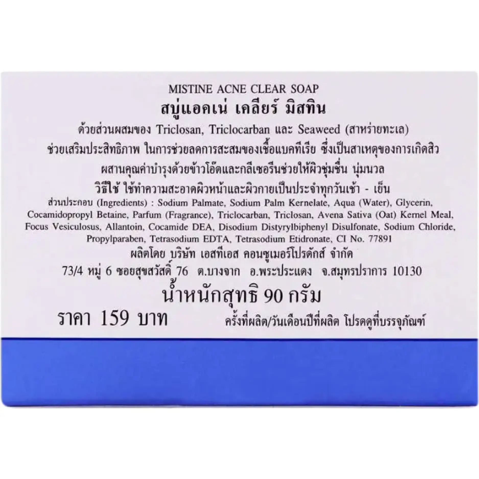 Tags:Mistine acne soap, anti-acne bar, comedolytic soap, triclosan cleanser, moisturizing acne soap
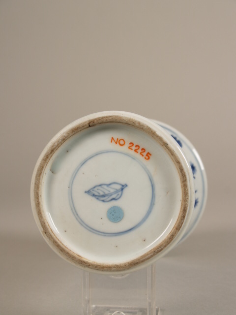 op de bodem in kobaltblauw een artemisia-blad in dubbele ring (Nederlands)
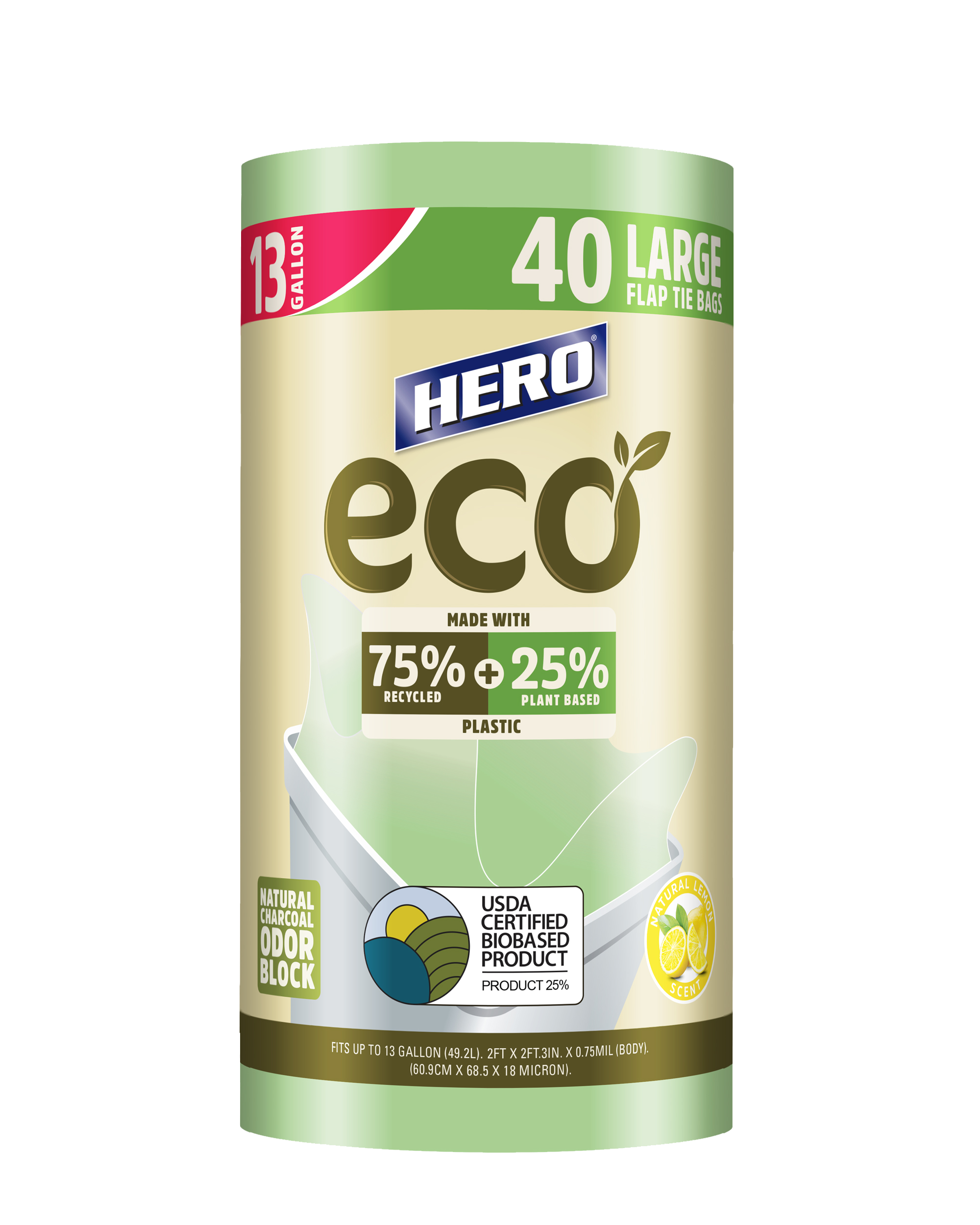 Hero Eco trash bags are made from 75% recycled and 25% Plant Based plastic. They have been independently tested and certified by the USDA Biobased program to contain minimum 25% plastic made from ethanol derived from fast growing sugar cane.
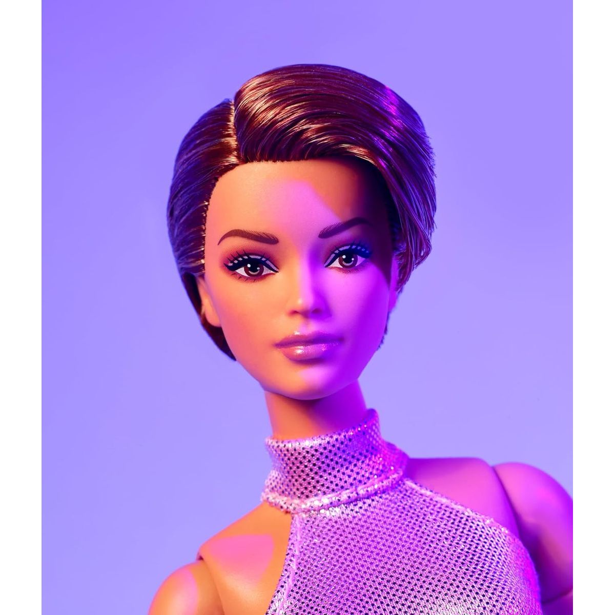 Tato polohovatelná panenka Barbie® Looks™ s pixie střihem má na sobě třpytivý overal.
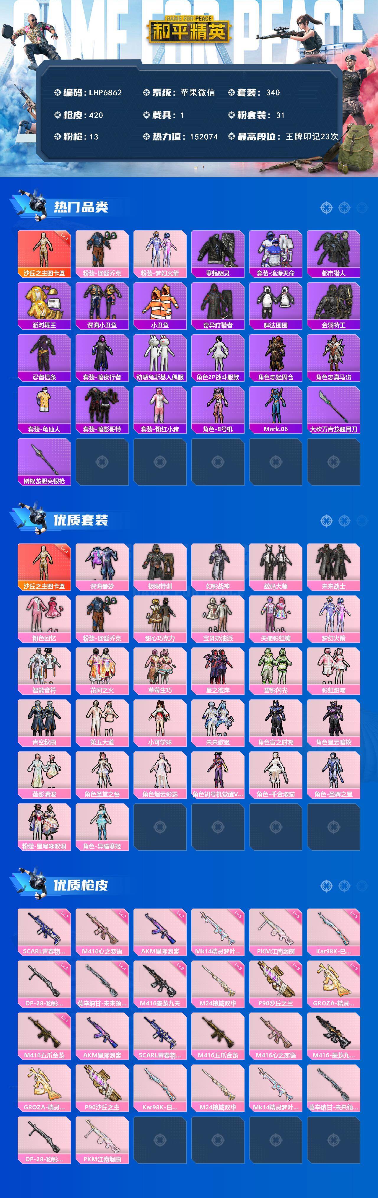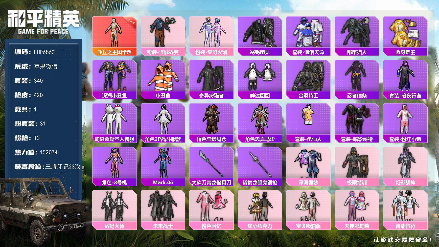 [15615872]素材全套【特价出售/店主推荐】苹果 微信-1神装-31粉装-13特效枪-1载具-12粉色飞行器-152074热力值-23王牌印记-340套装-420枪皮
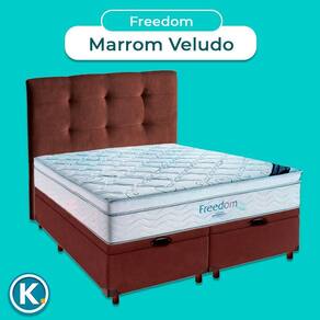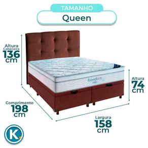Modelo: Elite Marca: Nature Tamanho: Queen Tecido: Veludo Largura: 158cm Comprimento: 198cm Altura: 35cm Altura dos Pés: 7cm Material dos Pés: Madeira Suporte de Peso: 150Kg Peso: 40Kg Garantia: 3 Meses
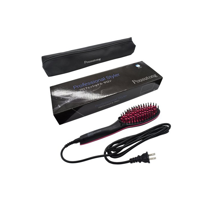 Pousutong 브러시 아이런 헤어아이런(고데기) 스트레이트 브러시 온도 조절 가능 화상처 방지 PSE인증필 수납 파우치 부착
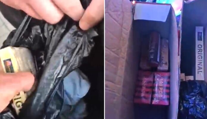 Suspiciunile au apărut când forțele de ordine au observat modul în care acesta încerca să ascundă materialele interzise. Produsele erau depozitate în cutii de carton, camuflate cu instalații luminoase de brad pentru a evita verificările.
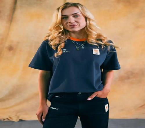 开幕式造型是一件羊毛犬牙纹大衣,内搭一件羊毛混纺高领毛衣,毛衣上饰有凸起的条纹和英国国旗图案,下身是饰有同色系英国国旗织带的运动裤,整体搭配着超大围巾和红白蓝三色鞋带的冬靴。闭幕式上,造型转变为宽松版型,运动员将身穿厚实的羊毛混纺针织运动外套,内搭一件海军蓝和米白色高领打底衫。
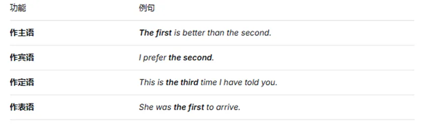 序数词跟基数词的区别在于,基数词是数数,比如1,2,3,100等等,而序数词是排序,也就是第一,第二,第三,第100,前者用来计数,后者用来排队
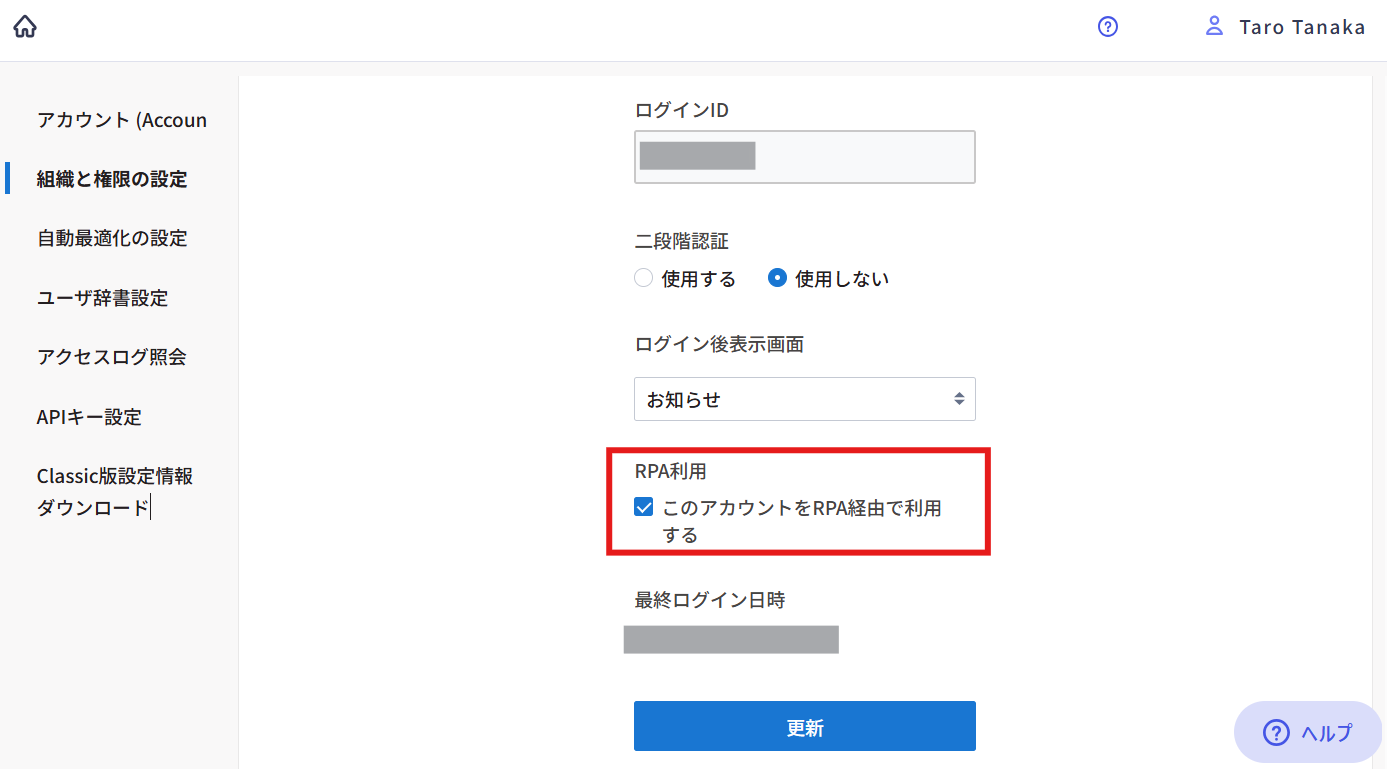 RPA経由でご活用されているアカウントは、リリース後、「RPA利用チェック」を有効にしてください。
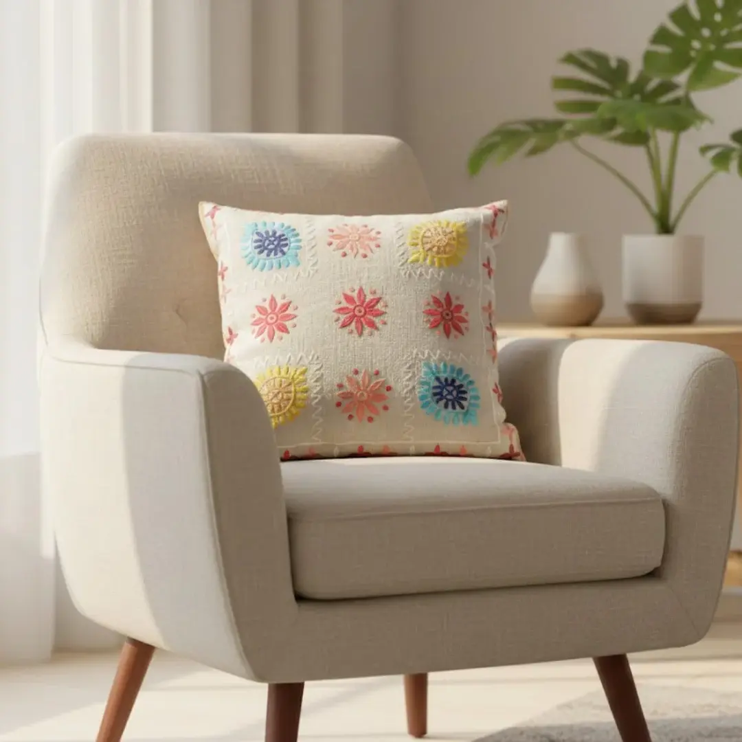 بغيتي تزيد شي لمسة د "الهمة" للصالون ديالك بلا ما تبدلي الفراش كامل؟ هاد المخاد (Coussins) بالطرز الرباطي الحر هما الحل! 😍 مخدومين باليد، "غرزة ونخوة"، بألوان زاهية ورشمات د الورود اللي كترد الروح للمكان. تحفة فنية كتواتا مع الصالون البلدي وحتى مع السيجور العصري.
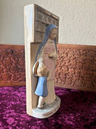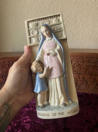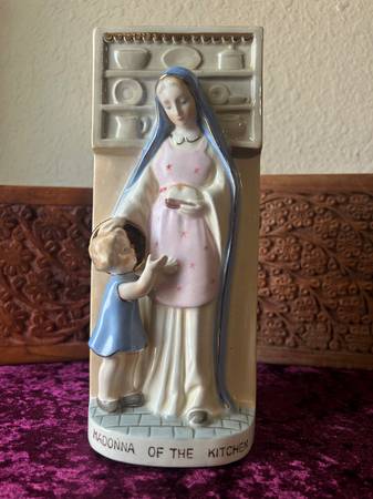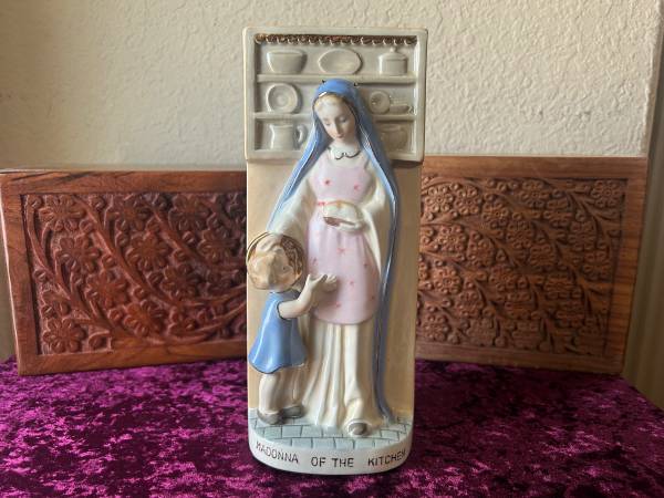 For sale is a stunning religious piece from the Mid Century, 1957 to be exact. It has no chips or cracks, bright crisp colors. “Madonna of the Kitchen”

┄┄┄┄┄┄┄┄┄┄┄┄┄┄┄┄┄┄┄┄

Exercise details -> Leave the pictures out and reproduce all of the records exactly.

Reply ->
 Tags:Mistine acne soap, anti-acne bar, comedolytic soap, triclosan cleanser, moisturizing acne soap
 op de bodem in kobaltblauw een artemisia-blad in dubbele ring (Nederlands)
 Hero Eco trash bags are made from 75% recycled and 25% Plant Based plastic. They have been independently tested and certified by the USDA Biobased program to contain minimum 25% plastic made from ethanol derived from fast growing sugar cane.
 Tato polohovatelná panenka Barbie® Looks™ s pixie střihem má na sobě třpytivý overal.
 [15615872]素材全套【特价出售/店主推荐】苹果 微信-1神装-31粉装-13特效枪-1载具-12粉色飞行器-152074热力值-23王牌印记-340套装-420枪皮
Modelo: Elite Marca: Nature Tamanho: Queen Tecido: Veludo Largura: 158cm Comprimento: 198cm Altura: 35cm Altura dos Pés: 7cm Material dos Pés: Madeira Suporte de Peso: 150Kg Peso: 40Kg Garantia: 3 Meses
 Pousutong 브러시 아이런 헤어아이런(고데기) 스트레이트 브러시 온도 조절 가능 화상처 방지 PSE인증필 수납 파우치 부착
 Suspiciunile au apărut când forțele de ordine au observat modul în care acesta încerca să ascundă materialele interzise. Produsele erau depozitate în cutii de carton, camuflate cu instalații luminoase de brad pentru a evita verificările.
 开幕式造型是一件羊毛犬牙纹大衣,内搭一件羊毛混纺高领毛衣,毛衣上饰有凸起的条纹和英国国旗图案,下身是饰有同色系英国国旗织带的运动裤,整体搭配着超大围巾和红白蓝三色鞋带的冬靴。闭幕式上,造型转变为宽松版型,运动员将身穿厚实的羊毛混纺针织运动外套,内搭一件海军蓝和米白色高领打底衫。
 序数词跟基数词的区别在于,基数词是数数,比如1,2,3,100等等,而序数词是排序,也就是第一,第二,第三,第100,前者用来计数,后者用来排队
 RPA経由でご活用されているアカウントは、リリース後、「RPA利用チェック」を有効にしてください。
 بغيتي تزيد شي لمسة د "الهمة" للصالون ديالك بلا ما تبدلي الفراش كامل؟ هاد المخاد (Coussins) بالطرز الرباطي الحر هما الحل! 😍 مخدومين باليد، "غرزة ونخوة"، بألوان زاهية ورشمات د الورود اللي كترد الروح للمكان. تحفة فنية كتواتا مع الصالون البلدي وحتى مع السيجور العصري.
 For sale is a stunning religious piece from the Mid Century, 1957 to be exact. It has no chips or cracks, bright crisp colors. “Madonna of the Kitchen”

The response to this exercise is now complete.